INSTRUCTIONS TO FOLLOW »
Look for the line containing "Red Mary Jane" and the line containing "- Upgraded Button" in the entries below. Copy those two and all lines between them exactly, leaving out pictures.

GIVEN ENTRIES »
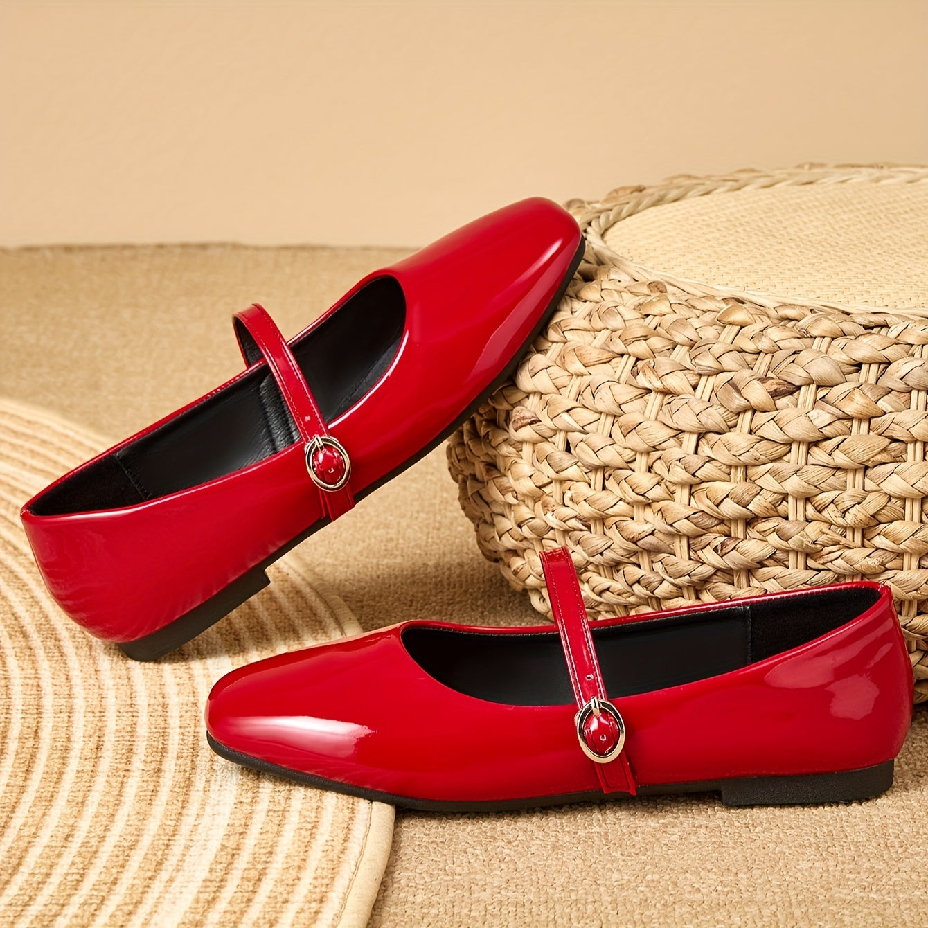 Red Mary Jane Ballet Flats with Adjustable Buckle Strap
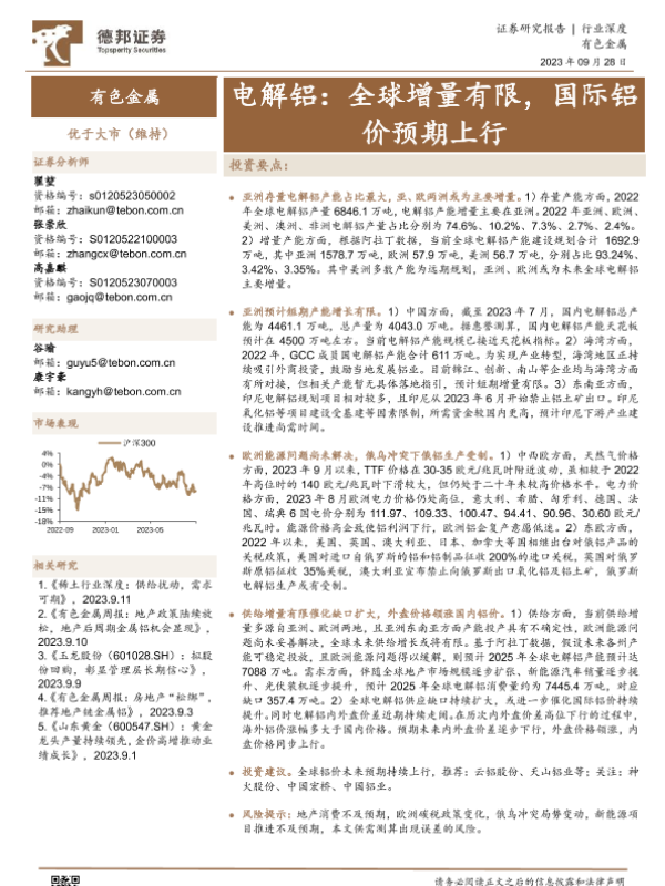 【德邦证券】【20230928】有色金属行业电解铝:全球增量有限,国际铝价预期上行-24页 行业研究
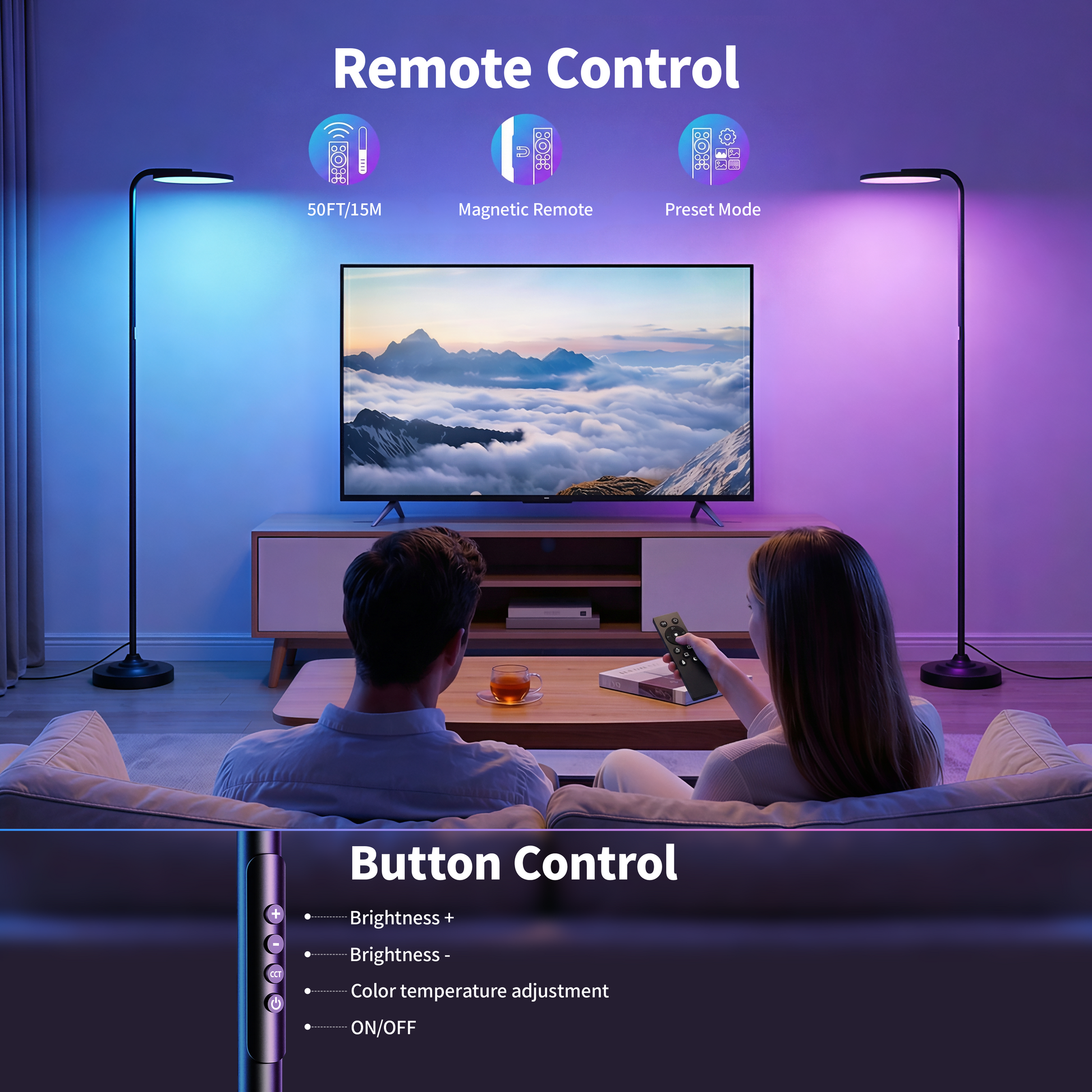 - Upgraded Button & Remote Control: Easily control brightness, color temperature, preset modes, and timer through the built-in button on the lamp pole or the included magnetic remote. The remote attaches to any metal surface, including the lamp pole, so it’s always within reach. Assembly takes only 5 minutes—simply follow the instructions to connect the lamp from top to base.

...

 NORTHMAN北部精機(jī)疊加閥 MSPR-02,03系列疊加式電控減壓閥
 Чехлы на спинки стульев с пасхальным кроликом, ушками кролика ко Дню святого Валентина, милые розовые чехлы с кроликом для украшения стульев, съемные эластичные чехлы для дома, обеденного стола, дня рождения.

...

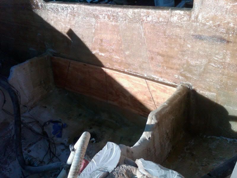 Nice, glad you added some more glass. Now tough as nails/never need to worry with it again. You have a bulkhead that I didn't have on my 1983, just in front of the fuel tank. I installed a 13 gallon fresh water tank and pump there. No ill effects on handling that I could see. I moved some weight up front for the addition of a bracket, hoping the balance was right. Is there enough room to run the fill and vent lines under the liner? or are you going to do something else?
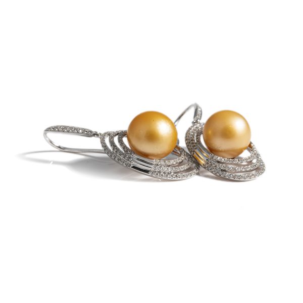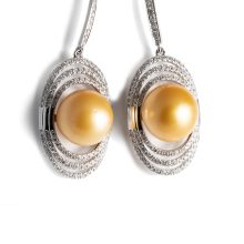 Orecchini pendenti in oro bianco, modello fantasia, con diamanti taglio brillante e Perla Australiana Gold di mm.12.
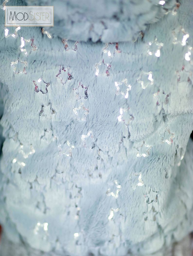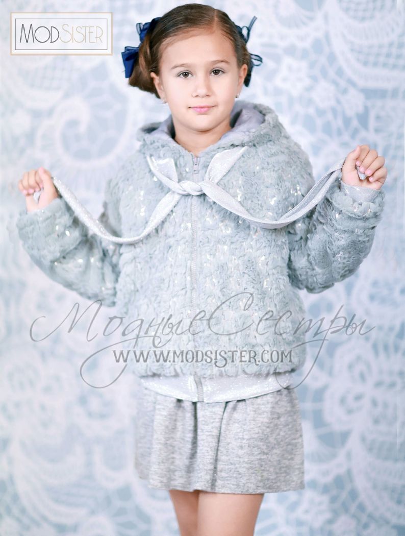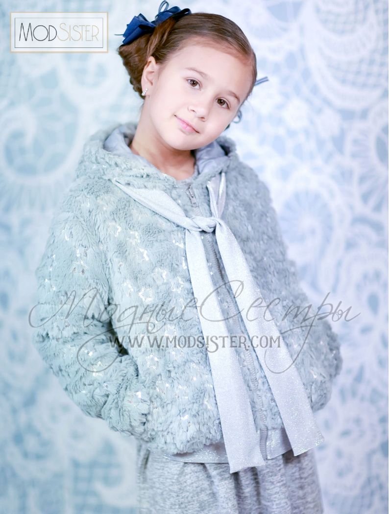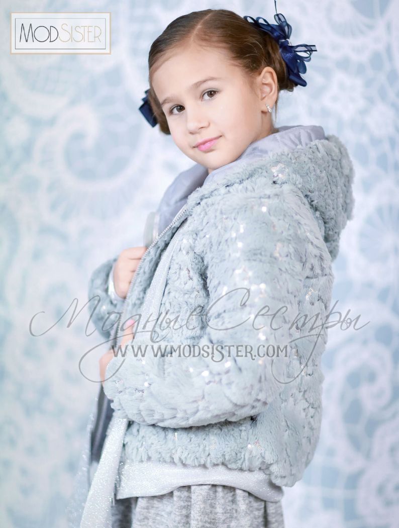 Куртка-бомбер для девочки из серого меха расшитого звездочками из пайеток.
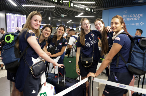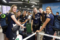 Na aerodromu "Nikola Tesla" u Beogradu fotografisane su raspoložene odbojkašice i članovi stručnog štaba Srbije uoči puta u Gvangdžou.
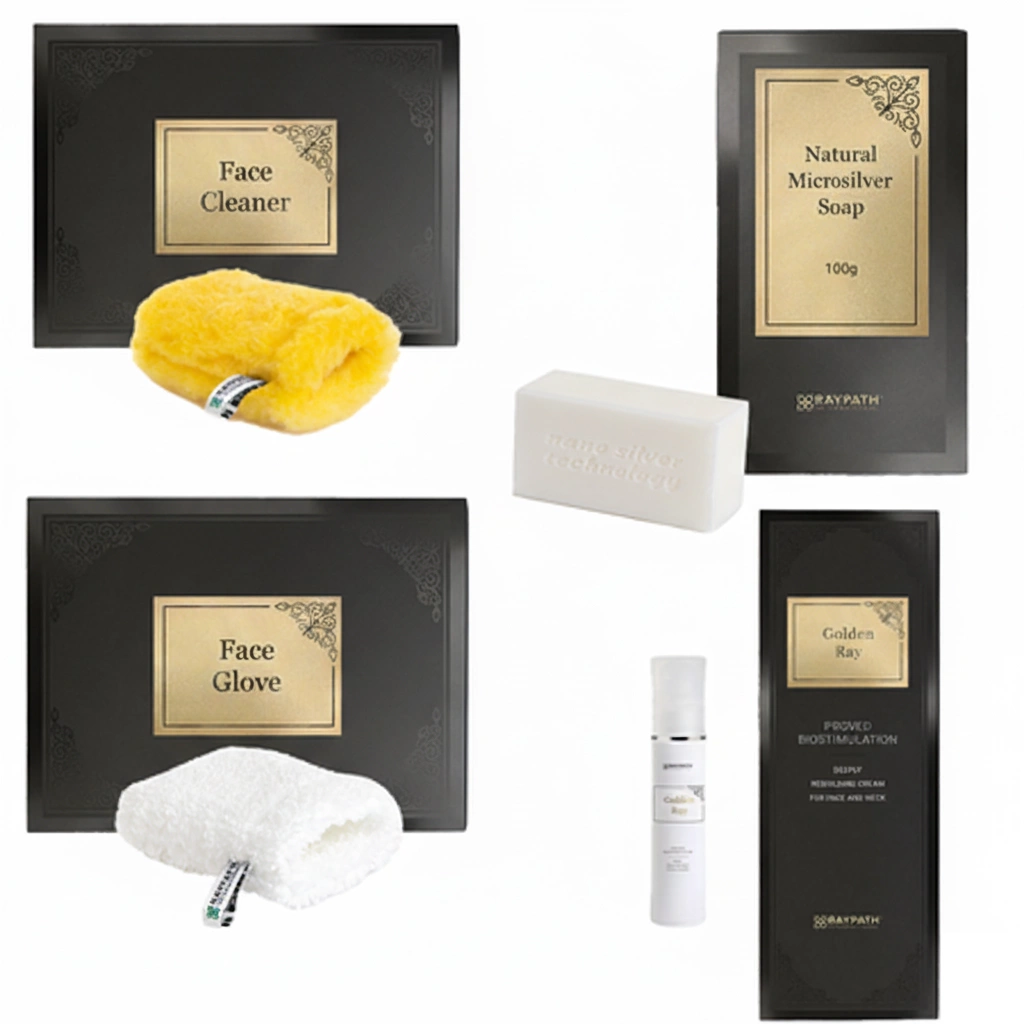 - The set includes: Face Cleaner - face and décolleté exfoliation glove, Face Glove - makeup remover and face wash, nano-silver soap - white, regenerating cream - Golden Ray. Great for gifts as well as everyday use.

YOUR SOLUTION »
 Red Mary Jane Ballet Flats with Adjustable Buckle Strap
 【德邦证券】【20230928】有色金属行业电解铝:全球增量有限,国际铝价预期上行-24页 行业研究
 - Upgraded Button & Remote Control: Easily control brightness, color temperature, preset modes, and timer through the built-in button on the lamp pole or the included magnetic remote. The remote attaches to any metal surface, including the lamp pole, so it’s always within reach. Assembly takes only 5 minutes—simply follow the instructions to connect the lamp from top to base.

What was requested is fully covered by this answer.